• _Material for this exercise_:
■ ■ ■ ■ ■ ■ ■
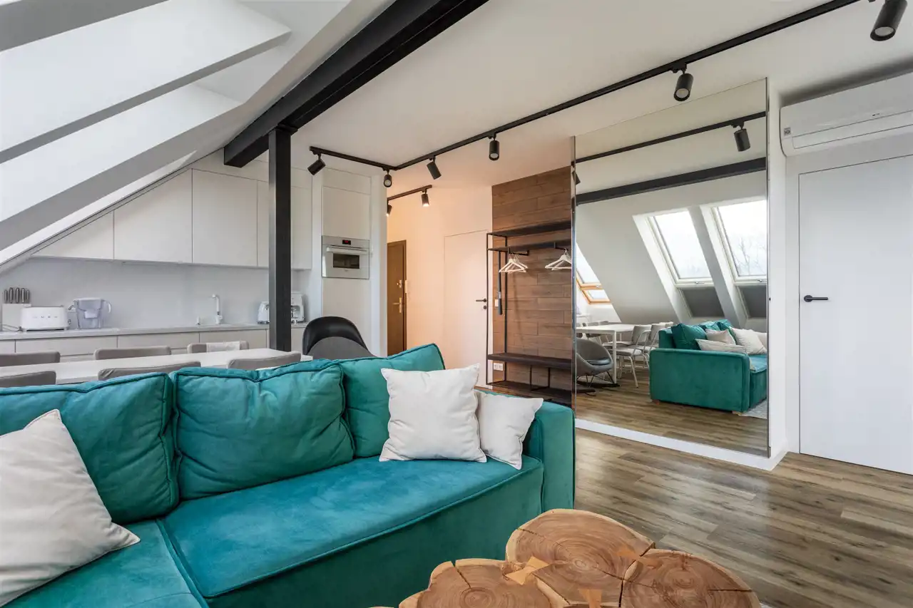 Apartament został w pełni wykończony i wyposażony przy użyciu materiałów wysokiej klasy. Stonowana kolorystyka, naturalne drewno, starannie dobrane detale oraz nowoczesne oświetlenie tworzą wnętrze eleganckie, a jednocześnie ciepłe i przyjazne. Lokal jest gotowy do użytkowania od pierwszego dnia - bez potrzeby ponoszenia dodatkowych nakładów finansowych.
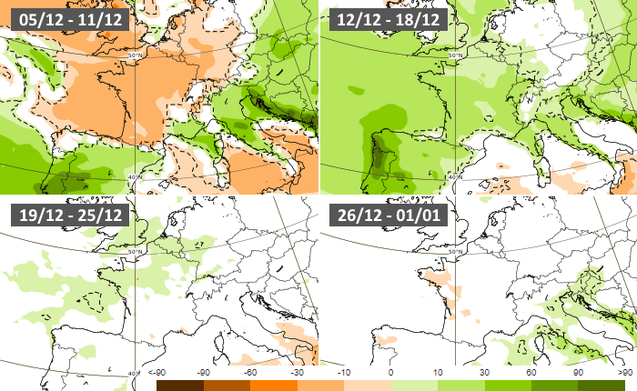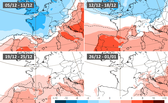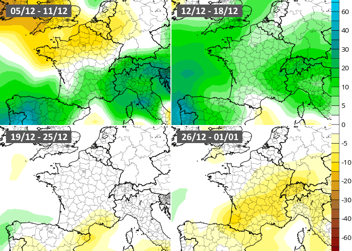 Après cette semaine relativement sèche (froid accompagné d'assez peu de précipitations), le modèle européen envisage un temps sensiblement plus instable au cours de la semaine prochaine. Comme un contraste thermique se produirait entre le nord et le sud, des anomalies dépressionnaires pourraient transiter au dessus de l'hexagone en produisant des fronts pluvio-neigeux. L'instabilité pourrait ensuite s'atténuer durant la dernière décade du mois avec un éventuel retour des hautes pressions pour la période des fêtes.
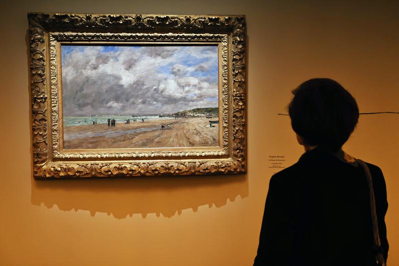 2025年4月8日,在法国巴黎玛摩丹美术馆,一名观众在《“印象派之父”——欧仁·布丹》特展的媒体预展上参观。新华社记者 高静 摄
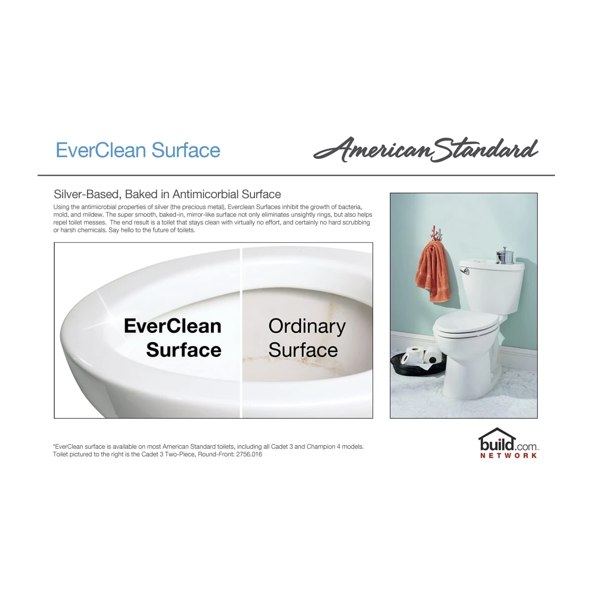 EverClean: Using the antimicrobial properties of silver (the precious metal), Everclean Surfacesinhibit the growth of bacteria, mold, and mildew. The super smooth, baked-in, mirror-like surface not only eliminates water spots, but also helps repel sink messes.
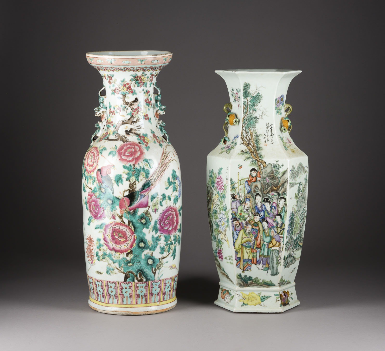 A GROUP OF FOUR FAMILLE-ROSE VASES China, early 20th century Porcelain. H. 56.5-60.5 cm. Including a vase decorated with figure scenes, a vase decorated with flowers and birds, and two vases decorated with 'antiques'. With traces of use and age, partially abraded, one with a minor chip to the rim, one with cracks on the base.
■ ■ ■ ■ ■ ■ ■
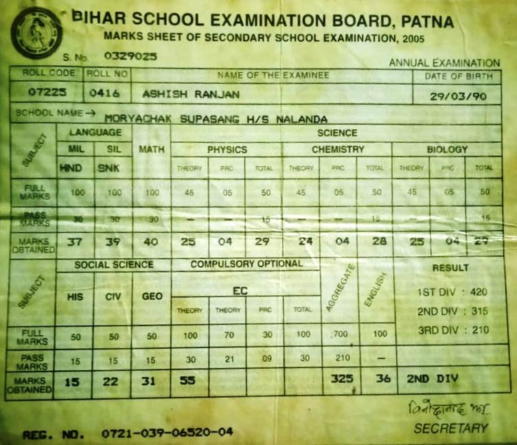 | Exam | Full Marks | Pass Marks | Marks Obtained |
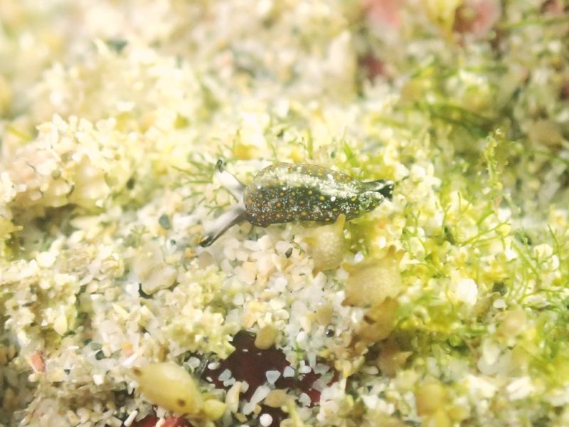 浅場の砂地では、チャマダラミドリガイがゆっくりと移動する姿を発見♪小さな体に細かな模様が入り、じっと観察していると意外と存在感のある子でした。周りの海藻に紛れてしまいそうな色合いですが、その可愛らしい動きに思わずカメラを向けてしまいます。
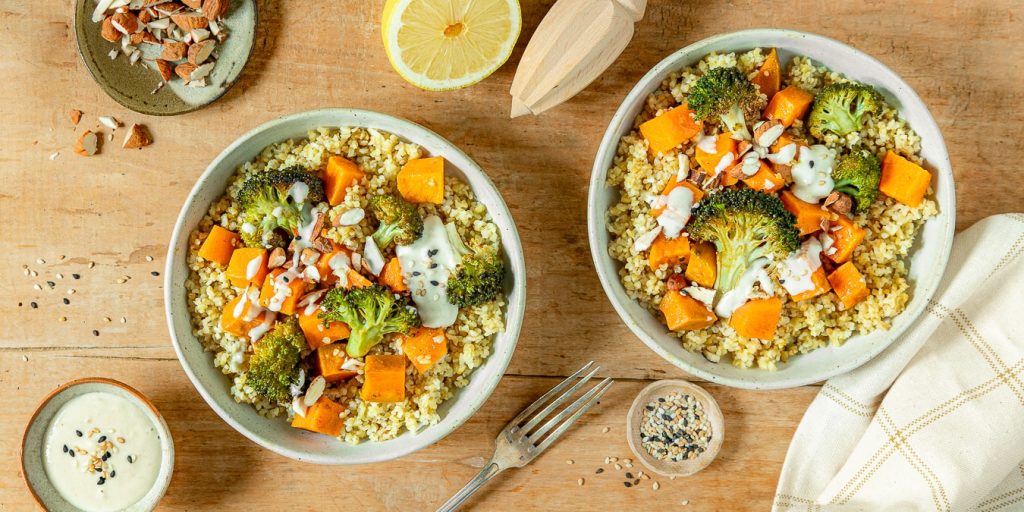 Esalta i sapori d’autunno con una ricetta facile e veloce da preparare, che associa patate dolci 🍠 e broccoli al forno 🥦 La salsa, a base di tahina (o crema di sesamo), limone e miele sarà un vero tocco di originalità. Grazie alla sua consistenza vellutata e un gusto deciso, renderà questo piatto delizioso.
■ ■ ■ ■ ■ ■ ■
• _Exercise_:
Give again the stretch of the entries above that begins at the line with "EverClean: Using the" and ends at the line with "A GROUP OF FOUR", word for word, with no pictures.

• _Exercise solution_:
 EverClean: Using the antimicrobial properties of silver (the precious metal), Everclean Surfacesinhibit the growth of bacteria, mold, and mildew. The super smooth, baked-in, mirror-like surface not only eliminates water spots, but also helps repel sink messes.
 A GROUP OF FOUR FAMILLE-ROSE VASES China, early 20th century Porcelain. H. 56.5-60.5 cm. Including a vase decorated with figure scenes, a vase decorated with flowers and birds, and two vases decorated with 'antiques'. With traces of use and age, partially abraded, one with a minor chip to the rim, one with cracks on the base.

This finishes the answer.